**TASK TO COMPLETE**
Transcribe only what runs from the line containing "- Press and" through the final line below, exactly, and leave every picture out.

**GIVEN INFORMATION**
-.-.-
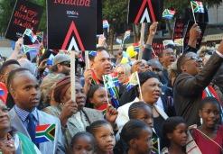 Hundreds of South Africans gathered on Nelson Mandela Square to sing and record the happy birthday song for the former president.
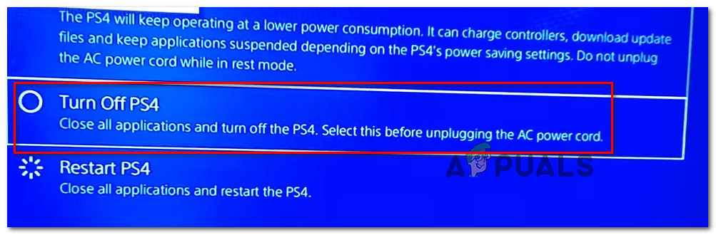 - Press and hold the PS button on your console until the Power Options menu pops up. Once it does, select Turn off the PS4 option from the list of available options and press X on your controller.
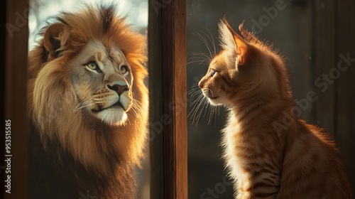 © donchanu, Fototapeta premium Lion and Cat Looking Through Window
-.-.-
**EXERCISE RESPONSE**
 - Press and hold the PS button on your console until the Power Options menu pops up. Once it does, select Turn off the PS4 option from the list of available options and press X on your controller.
 © donchanu, Fototapeta premium Lion and Cat Looking Through Window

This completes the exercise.